Quand j’étais petit, j’avais des mémés. Des mémés c’est rigolo et des fois pas du tout. Par exemple, quand il s’agit de les saluer par le biais d’une paire de bises, les petit-enfants sont souvent réticents au contact de cette peau flasque. Réticence théorisée dès la plus haute antiquité par le mathématicien Mamikipik sous la forme suivante : « La longueur du bisou est équivalente au carré de la différence d’âge des impétrants, et sa ferveur égale au carré de l’âge de chacun. » D’où des embrassades qui n’en finissent pas et amènent immanquablement au monde son lot de refoulés et de sociopathes.

Mais je m’égare. Ce qui est rigolo avec les mémés, c’est qu’elles ont une tendance certaine au radotage. Par exemple, avec ma mémé Rose (oui, j’avais une mémé Rose. Et une mémé verte parce qu’elle était décédée. D’ailleurs elle était tellement décédée qu’elle a toujours été morte depuis que je suis né. Si ça tombe, elle n’a même jamais existé.) Avec ma mémé Rose, nous avions inventé un jeu qui consistait à lui faire raconter avec la verve qui la caractérisait (Deux exemples marquants : « mon médecin m’a dit que j’y voyais plus rien, éh con, j’y vois bien, puisque je conduis », et à un type à qui elle avait fait une queue de poisson et qui par conséquent l’avait traitée de vieille pute : « Si j’étais une pute, j’aurais un maquereau qui me conduirait, fan de chiche. »). Donc, nous lui faisions raconter chaque réveillon en la faisant monter dans les aigus l’année où son petit-fils lui avait fait rater le quarté en le tirant aux cartes. Un grand moment de rigolade et de colère de Noël.

Mais je m’égare. L’aspect ludique de la grand-mère tient tout entier dans sa capacité à traiter sa descendance de « fils de saoul » et à ratiociner, même (et surtout) en situation d’extrême solitude. Une mémé qui ne grommelle pas dans sa barbe (ou bien qui n’a pas de barbe) n’est qu’une pâle imitation d’ancêtre, tout juste bonne à passer sous le rouleau compresseur vengeur du légalisme douanier, ministériel et commercial.

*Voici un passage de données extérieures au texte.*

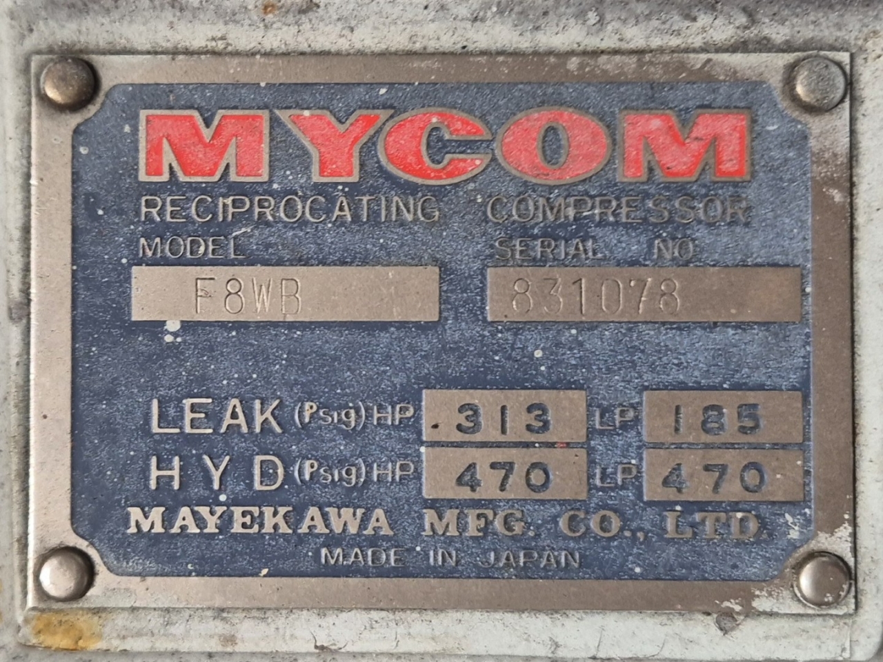 | Compressor(s) type & model | 2x Mycom F8WB |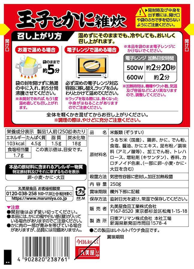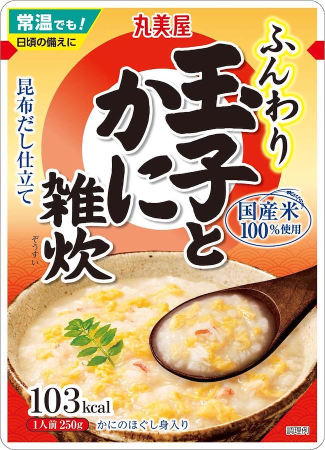 ・国産米を100%使用。粒感が残るようにふっくらと炊き上げ、口当たり良く仕上げました。・だしの旨味がしっかりと味わえる、ふんわり玉子がたっぷり入った雑炊なので、普段の食事にも大活躍。・温めなくても食べられるので常備食としても便利です。・常温保存可能なので、家庭内備蓄にも活躍します。・ふんわり玉子&かにのほぐし身入りの、昆布だし仕立ての雑炊です。かにの風味と旨味が味わえます。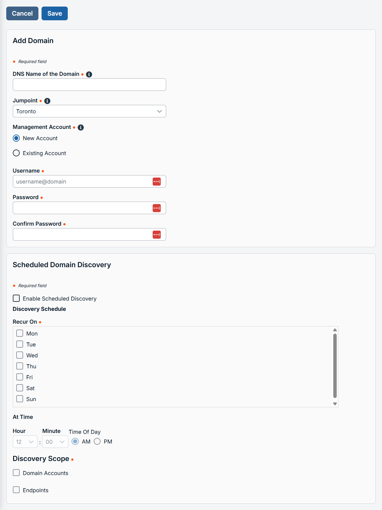 - For Management Account, this account is used to connect and perform the discovery of accounts and endpoints of the specified domain. You can choose to use a new account, which requires a Username, Password, and Password Confirmation or choose to use an existing account discovered from a previous job or added manually in the Accounts section where is the name of your domain you want to discover.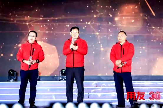 董事长王文京、副董事长郭新平及董事吴政平在用友30年庆典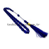 Örgü Tasarımlı Mavi Renk Sıkma Kehribarı Tesbih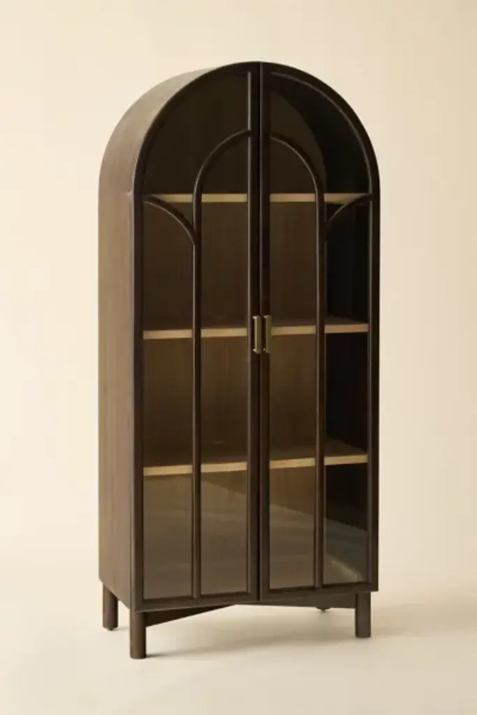 Create an elevated display out of all your favorite things with this statement storage cabinet. This standout storage piece features a tall, curved silhouette with arch wood detailing accenting each door. Available exclusively at Urban Outfitters. **Features** \- Camille Statement Storage Cabinet from UO Home \- Arched silhouette with room to room to display books, trinkets, dinnerware and more \- Glass-paned doors with arch wood accents \- Three adjustable shelves to display your trinkets, novels and more \- Cord cutout in the back panel \- Removable legs \- Assembly required \- UO exclusive **Content + Care** \- Some assembly required - we recommend two people for assembly. Assembly instructions and hardware are included. \- MDF, bentwood, rubberwood veneer, solid rubberwood, 3mm glass \- Wipe clean \- Imported **Size** \- Dimensions: 32"l x 17"w x 72"h \- Leg height/Clearance: 6", removable \- Top & bottom shelf dimensions: 30.3"l x 15"w x 15"h \- Middle & base shelf dimensions: 30.3"l x 15"w x 10.5"h \- Space between holes for adjustable shelves: 2.5" \- Weight: 151 lbs \- Shipping package dimensions: 39"l x 21"w x 72"h \- Shipping package weight: 185 lbs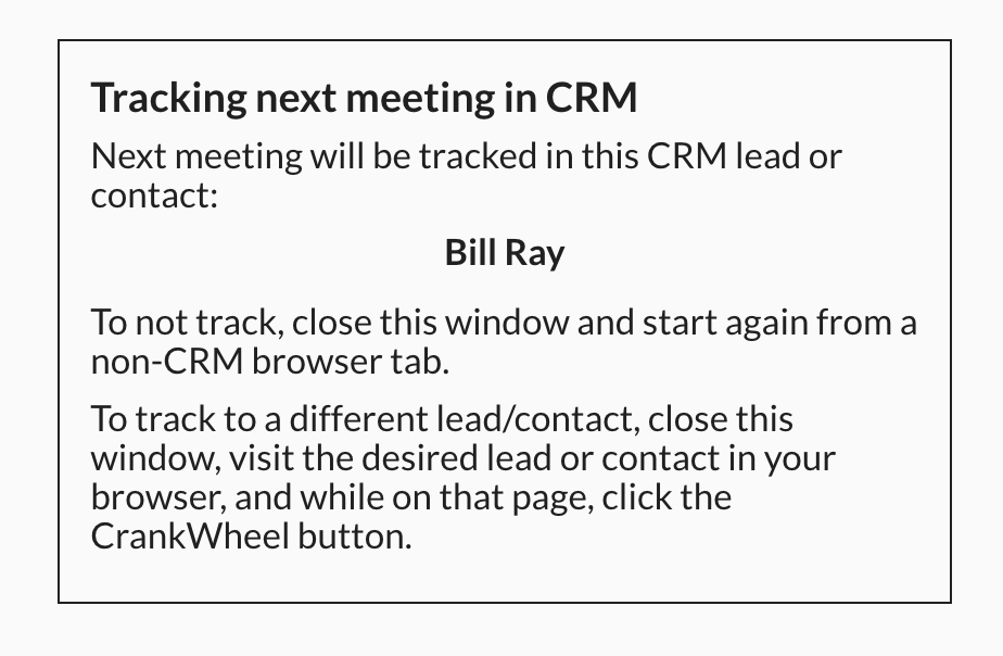 Clicking that button will launch the CrankWheel control panel. You will see a message indicating that the next meeting will be tracked to the contact you chose. When you start a meeting you will see that the fields for email and phone number will be pre-filled with the person’s contact details from HighLevel.
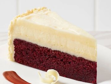 Red Velvet cake and our creamy Classic cheesecake layered with rich cream cheese icing, and finished with white chocolate curls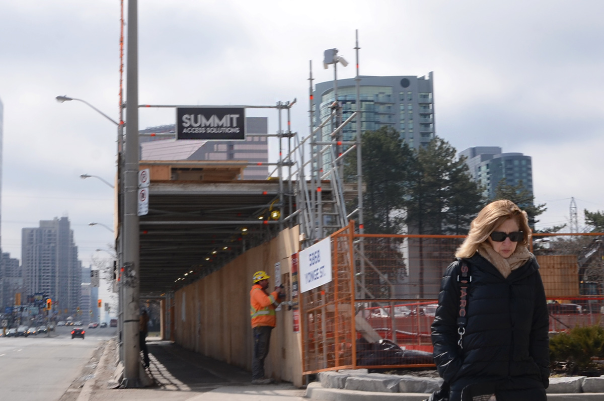 below: Looking north to the intersection of Yonge and Steeles. Steeles Ave has been the northern boundary of the City of Toronto since 1953. All of the tall buildings in this picture are north of Steeles and are in Thornhill (York Region).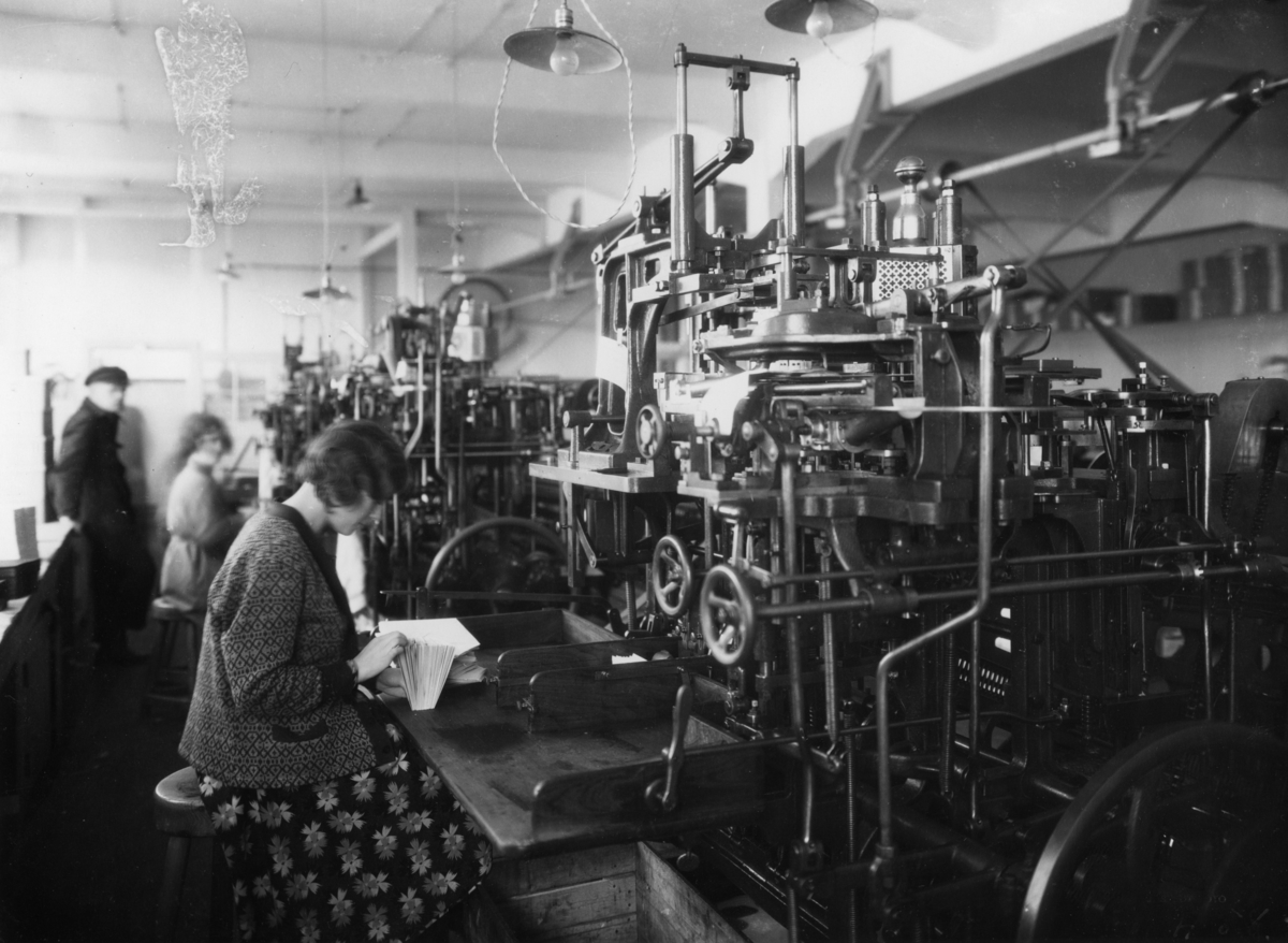Två kvinnor och en man arbetar vid kuvertmaskiner på Papyrus.

Mais je m’égare. L’autre jour, tandis que je chassais pour nourrir la tribu (à Carrefour, donc.) je me fis in petto (j’ai longtemps cru que cette expression signifiait « dans ton cul ») la remarque que les mémés, radoteuses donc, si vous avez suivi, étaient de plus en plus jeunes. J’en vis même une qui n’avait pas quinze ans, et d’après le fantôme de moustache pointant à la lèvre supérieure était de sexe masculin (la moustache féminine est un apanage de la vieillesse ou de la brunitude extrême.) ; Et donc tous ces spécimens parlaient tout seuls, à haute et intelligible voix, me laissant pantois.

Mon sens acéré de l’observation (c’est ça les chasseurs cueilleurs) me fit remarquer le dénominateur commun à toutes ces personnes : un écouteur prolongé d’un long fil leur sortait de l’appendice auriculaire. Ce que j’avais pris pour des grands-mères ratiocinantes n’étaient en fait que des gens normaux (ou presque) en conversation téléphonique publique. Réjouissons-nous donc des progrès technologiques qui permettent à l’homme de garder toute sa dignité, quand bien même il prenne la parole en public, à haute voix et en affirmant que « qu’est-ce que tu veux que je te dises ? c’est la vie… » (des fois ça vaut le coup de payer trente euros par mois.)

Grâce à cela, quand mémé sort, foin des regards méprisants, elle n’attire que  l’admiration.Elle radote ses vieilles histoires avec son oreillette.C’est pas un kit piéton, c’est un vieux casque de walkman.Mais pour moins cher le résultat est le même.